Hacking was a must-read for me because it addresses so many important issues to mental and physical health: metabolic syndrome, consumerism, and their common fuel of addiction. As much as I wanted to love the book, though, and hasten to recommend it, it’s riven with problems. Lustig is an inconsistent author, at times so breezy and quick with pop culture references as to undermine what should be a sober and earnest call to arms, and at others employing so convoluted a sentence structure that a reader has to circle the block a few times to parse what’s being said. The casualness is far more pervasive, though, which diminished the book’s credibility — especially when it marks not just style, but treatment of subjects outside biochemistry. There are outright mistakes (referring to Obamacare as something that had been done away with, referring to Trump as the first populist president, mischaracterizing agape as religious zeal) and a general cavalierness even within his stronger beat. For instance, when remarking on how cigarettes were once promoted as a curative for obesity, he treats this merely as addiction transference despite nicotine’s known effect as an appetite suppressant. As much as I loved the topic and respected Lustig’s goal (and agreed with his prescription, limited as it was), the book read as messy. It wasn’t the forceful, clear argument that the author delivered in his original “Sugar” lecture, and that the subject merited.
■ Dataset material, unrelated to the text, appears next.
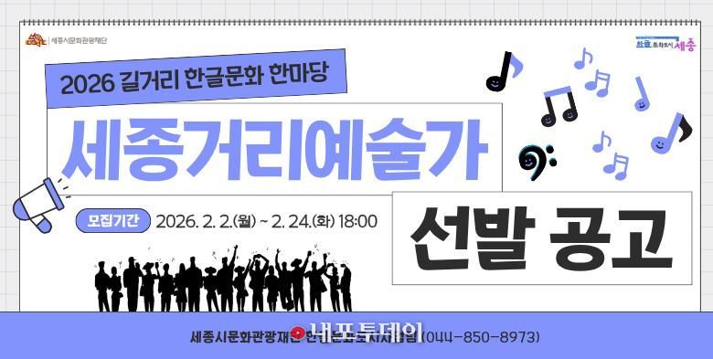 (내포투데이) 세종시문화관광재단은 '2026길거리 한글문화 한마당(舊 세종한글컬처로드)’에 참여할 세종거리예술가 25팀을 공개 모집한다.

Even so, it’s worth your time if you, like me, are concerned about how the western way of eating, and the compulsive nature of consumption (of stuff, of The News, etc), destroy people’s health.
Related:
Salt, Sugar, Fat: How the Food Giants Tricked Us, Michael Moss
Drunk Flies and Stoned Dolphins: A Trip Through the World of Animal Intoxication, One R. Pagan
Affluenza: The All-Consuming Epidemic, various
The Year of No Sugar, Eve Schaub
The Obesity Code, Jason Fung
Spark: Exercise and the Brain, Jason Ratey
Dreamland: The True Tale of America’s Opiod Epidemic, Sam Quinones
Why We Get Fat, Gary Taubes
American Mania: When More Isn’t Enough, Peter Whybrow
Such a big let down!
Yeaeaah, On the bright side it checked off one of the categories in my science survey. Going to complete it this month, I think. 😀 Whybrow (American Mania) has done a book called “The Well Tuned Brain”. He’s the one who made me interested in the neurology of consumerism, so I’m looking forward to that one in a few months.
The science of Consumerism is pretty interesting, especially when it alerts you to the tricks businesses use to get your attention and get you to open your wallet. Such useful knowledge to avoid their false temptations (mostly).